What's needed is an exact retyping of the lines from the start of the listing up to and including the line with "RUSH MY ORDER", minus any pictures.
** Opening SOURCE DATA block **
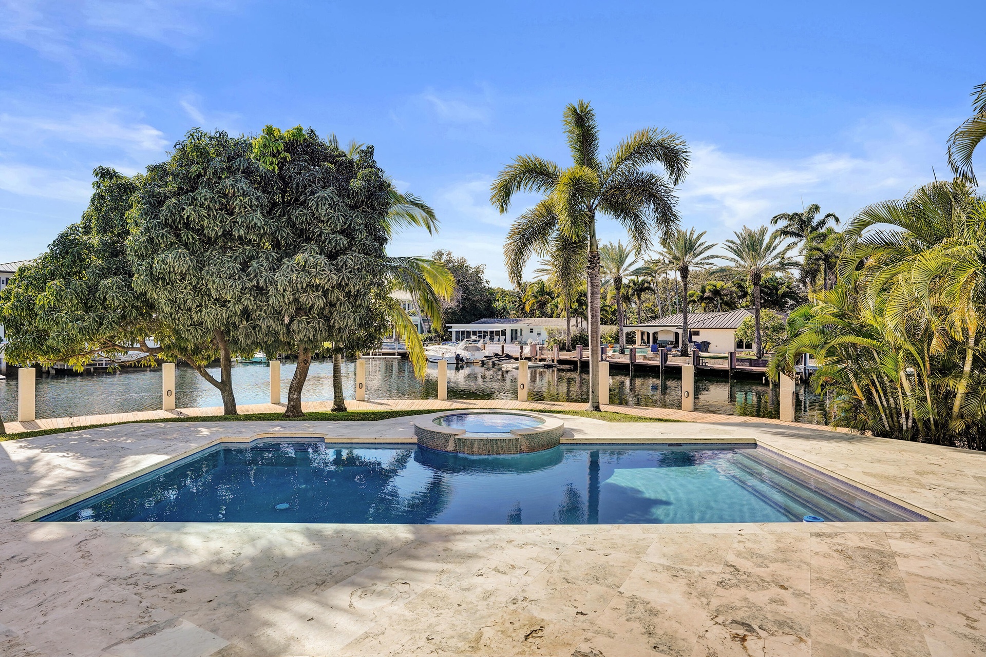 Welcome to your rarely available Gated WATERFRONT Point Lot Estate with 223' of deep water frontage! Set along one of Lighthouse Point's most coveted island streets, this 5 Bed + Office + 6 Baths + 3 Car Garage + 1 Car Carport + Pool distinguished waterfront estate presents a rare convergence of architectural refinement, privacy, and premier yachting access. This residence is thoughtfully designed for those who value seamless indoor-outdoor living and life on the water, offering an elevated coastal lifestyle defined by elegance, scale, and quiet exclusivity. A grand entry opens to a formal living room with floor to ceiling windows, coffered ceilings and fireplace, flowing seamlessly into a formal dining room with a beverage center, creating an elegant backdrop for sophisticated gathering Enjoy the TRANQUIL covered patios as the estate unfolds into a SUBSTANTIAL marble pool deck with a PICTURE-PERFECT tropical resort style pool and built in hot tub that is surrounded by lush landscaping. The oversize lot along with your private dock that wraps around the property provides SUBSTANSIAL room for you, your family, guests and pets to enjoy true South Florida waterfront living. With 223' of water frontage and dock space, there is AMPLE room for your Sportfish, Sport Yacht and Center Console. Located on a prestigious island street, moments from the Intracoastal and ocean access, this property presents a rare opportunity to secure a waterfront estate for those who live life on the water. Outdoors, the estate delivers true resort-style waterfront living, with a tropical pool and spa, expansive patio areas, and commanding water views from nearly every angle. The corner-lot orientation provides enhanced privacy, expanded dock potential, and dramatic sightlines, an exceptional advantage for yacht owners. This is a rare opportunity to own a corner lot waterfront estate in one of Lighthouse Point's most desirable island settingswhere luxury, location, and lifestyle converge.
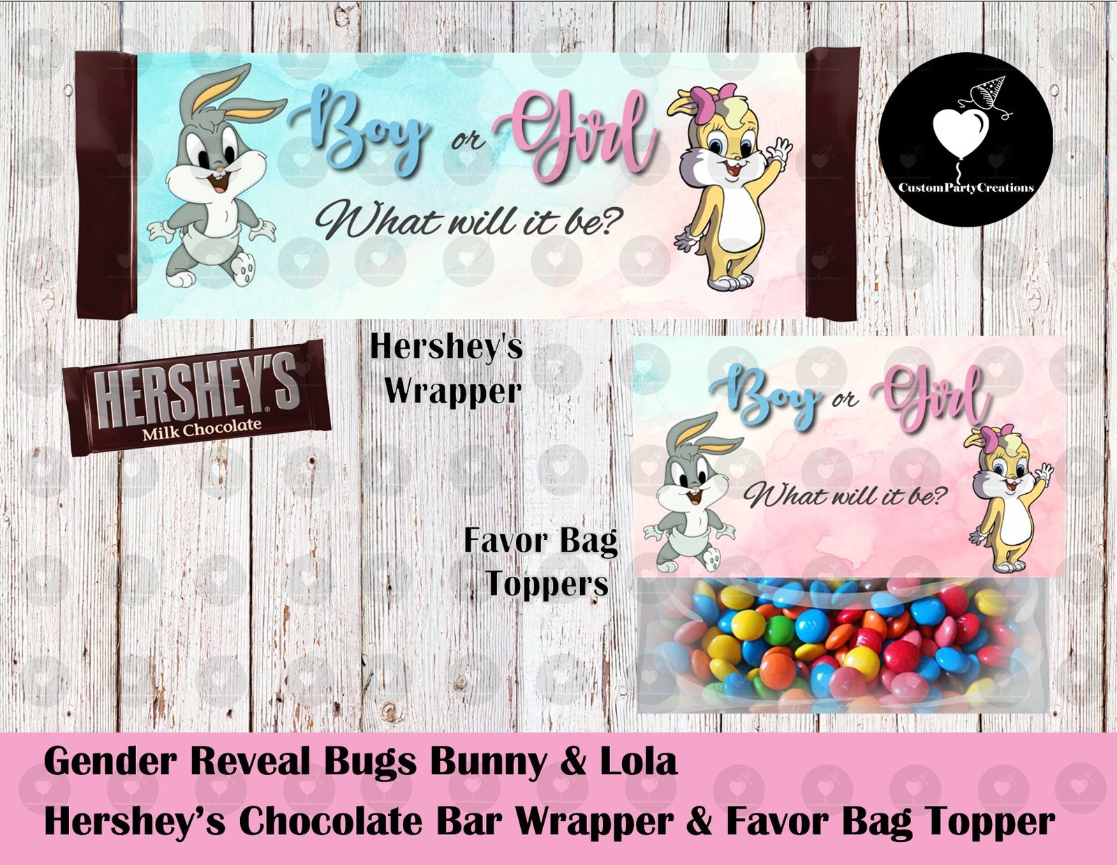RUSH MY ORDER – Bugs and Lola Gender Reveal Hershey’s Wrapper and Favor Bag Toppers
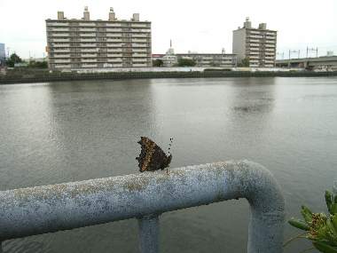 | ヒオドシチョウは郊外山地では珍しくありませんが、大阪市内ではなかなか見られない珍しい蝶です。しかし、2002年には、その非常に美しい個体をマンションの敷地で見つけました。最初に見つけたのは私ではありません。マンションの子供たちが、「見たこともないきれいな蝶がいる」と教えてくれたのです。最初裏側しか見せてくれてなかったので、きっとルリタテハだと思いました。しかし、それはこの写真でお見せするとおり、羽化直後のヒオドシチョウでした。エノキを始め多くの木の葉を食べるようなので、大阪市内でもきっとどこかで発生していると期待してます(その後、淀川区の神崎川沿いのエノキで幼虫の集団を見つけました)。服部緑地公園にも成虫の目撃情報があります。西宮市甲山周辺では2005年に幼虫が多数観察されました。さらに、兵庫県伊丹市の都市部の笹原公園で、2007年4月に、伊丹市の五十川(いそがわ)氏によって2幼虫集団および孵化後の卵塊が発見されました。静岡市南部では、山地で越冬明けの成虫を時々見たり、エノキに幼虫集団を見ることがあります。産卵や卵塊を見つけるのは非常に困難ですが、人工採卵から羽化までの飼育記録も載せました。 |
** Closing SOURCE DATA block **
=== ANSWER TO THE EXERCISE ===
 Welcome to your rarely available Gated WATERFRONT Point Lot Estate with 223' of deep water frontage! Set along one of Lighthouse Point's most coveted island streets, this 5 Bed + Office + 6 Baths + 3 Car Garage + 1 Car Carport + Pool distinguished waterfront estate presents a rare convergence of architectural refinement, privacy, and premier yachting access. This residence is thoughtfully designed for those who value seamless indoor-outdoor living and life on the water, offering an elevated coastal lifestyle defined by elegance, scale, and quiet exclusivity. A grand entry opens to a formal living room with floor to ceiling windows, coffered ceilings and fireplace, flowing seamlessly into a formal dining room with a beverage center, creating an elegant backdrop for sophisticated gathering Enjoy the TRANQUIL covered patios as the estate unfolds into a SUBSTANTIAL marble pool deck with a PICTURE-PERFECT tropical resort style pool and built in hot tub that is surrounded by lush landscaping. The oversize lot along with your private dock that wraps around the property provides SUBSTANSIAL room for you, your family, guests and pets to enjoy true South Florida waterfront living. With 223' of water frontage and dock space, there is AMPLE room for your Sportfish, Sport Yacht and Center Console. Located on a prestigious island street, moments from the Intracoastal and ocean access, this property presents a rare opportunity to secure a waterfront estate for those who live life on the water. Outdoors, the estate delivers true resort-style waterfront living, with a tropical pool and spa, expansive patio areas, and commanding water views from nearly every angle. The corner-lot orientation provides enhanced privacy, expanded dock potential, and dramatic sightlines, an exceptional advantage for yacht owners. This is a rare opportunity to own a corner lot waterfront estate in one of Lighthouse Point's most desirable island settingswhere luxury, location, and lifestyle converge.
RUSH MY ORDER – Bugs and Lola Gender Reveal Hershey’s Wrapper and Favor Bag Toppers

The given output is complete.